卫庄站立在崖边,神色淡然的望著远方—蜃楼的方向,没有人知道他在想什麼,也没有人愿意冒著生命危险去揣度。

仍旧是一身黑袍,在背后洒下一片渊深暗影,氤氲雾气朦朦撩绕,更显神秘。如昔的,他还是冷酷无情的霸道。彼年的韩国大将军,今时的流沙首领。

在他身后,也依旧是一名绝美的女子盈盈而立。只是那白衣圣洁的精灵不再,而是红衣妖娆的赤练王蛇吐著信子,魅惑众生。

两个人都变了,不似当年的年少轻狂。





「白凤呢?」
男子的声音富有磁性,给人一种低沉内歛的错觉。

「该是快来了吧」
女子妩媚的勾唇,窈窕身姿间冷意浮动,她与那名为白凤的青年一向不和也不是什麼需要隐瞒之事。

其实对於女子而言,他并不是那麼讨厌,仅仅是因为那个人总是轻易洞穿她的一切,这让她觉得,自己没有丝毫隐私可言…

不过说真的,他会在那天救自己…真的是她未曾想过的。





真正盼著的没有出现,却是一直不和的青年迎风而立,拼著受伤救走了自己。

念及此处,赤练红唇边噙著的笑,又更深了些。

突然,洪亮的鸟鸣声画破了长空,断了赤练的思绪。

只见一只白色的大鸟从两人头顶飞过,翩然的身影自上方落下,拂起清冷不拘的淡淡凉意,直透心田。

白凤。





流沙四大天王之首。

他来到的姿态张扬潇洒,却是悄无声息的落在他们身后,只有肩上两条拉得极长的丝带翻滚得猎猎作响,召示他的犹自存在。

「你来晚了」

「嗯。
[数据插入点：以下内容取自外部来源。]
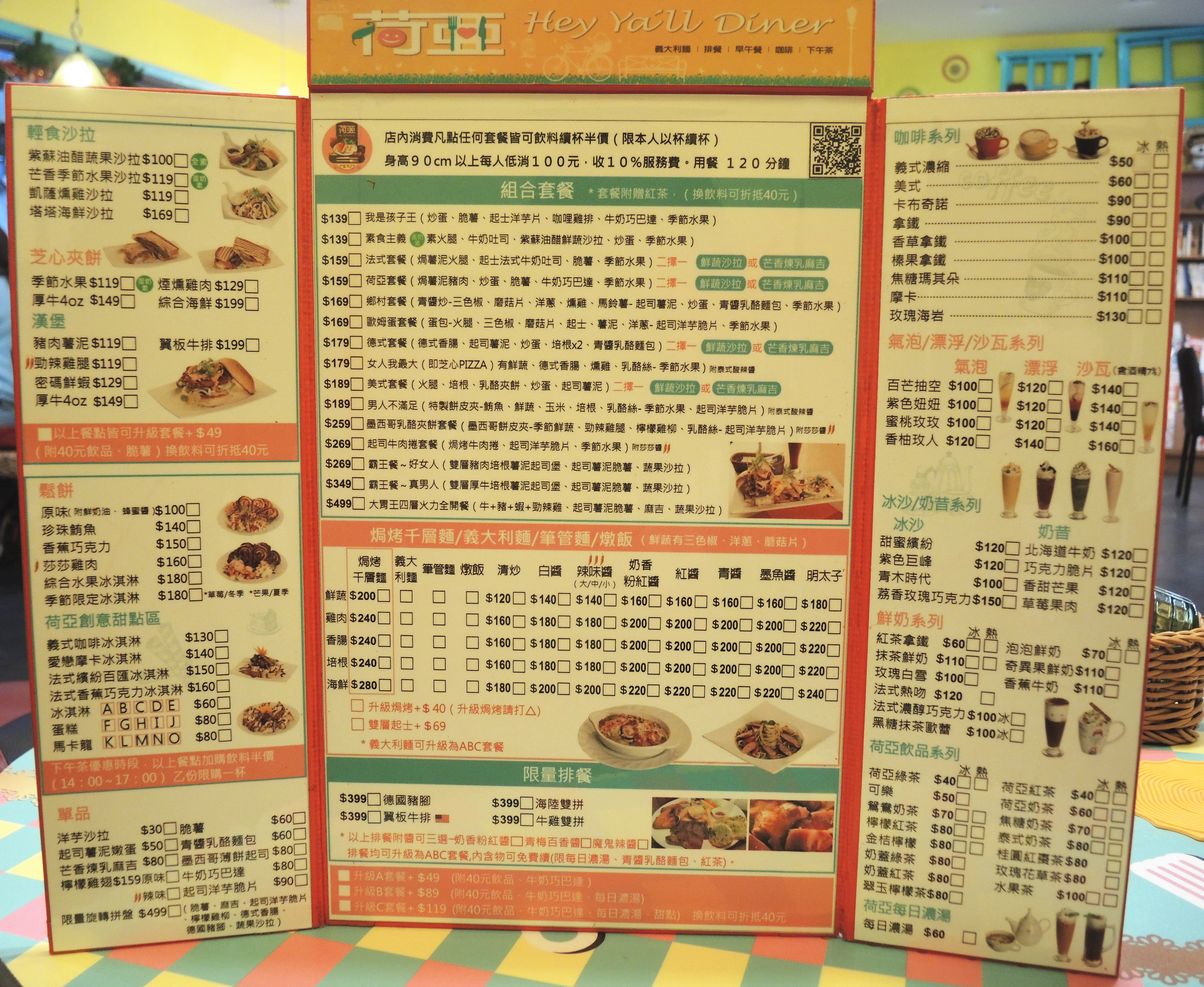 他們的餐點多樣化,有基本的排餐、義大利麵、漢堡、燉飯、下午茶,還有焗烤千層麵、芝心夾餅、法式焗烤PIZZA等等

」

「有个任务给你」
卫庄没有回头,银灰的眼底映著整座桑海城,却像是刻下了整片天下,而那君临者,不是嬴政。

「去取少司命的心头血」

「不去」他总算移动了视线。





「如果你真想保护那个女人的话,就照做」

闻言,白凤闲适的身形僵了一僵,森然的冷酷自他湛蓝的眸中泛起,没有丝毫掩饰。

「卫庄,我警告你,别动她」

 「那要看你的表现了,如果你失败了,我又何必遵守诺言?」

「…我去」

这个男人,总是这样。

对所有的一切了如指掌,也能善加利用周遭做了东西,然后轻易的就将别人掌控—这就是卫庄。把他抚养长大的男人。

而就算是如此,他,还是可以轻易被其丢弃的棋子。真正的原因,不是没有完成任务,却一定与剑圣盖聂有关。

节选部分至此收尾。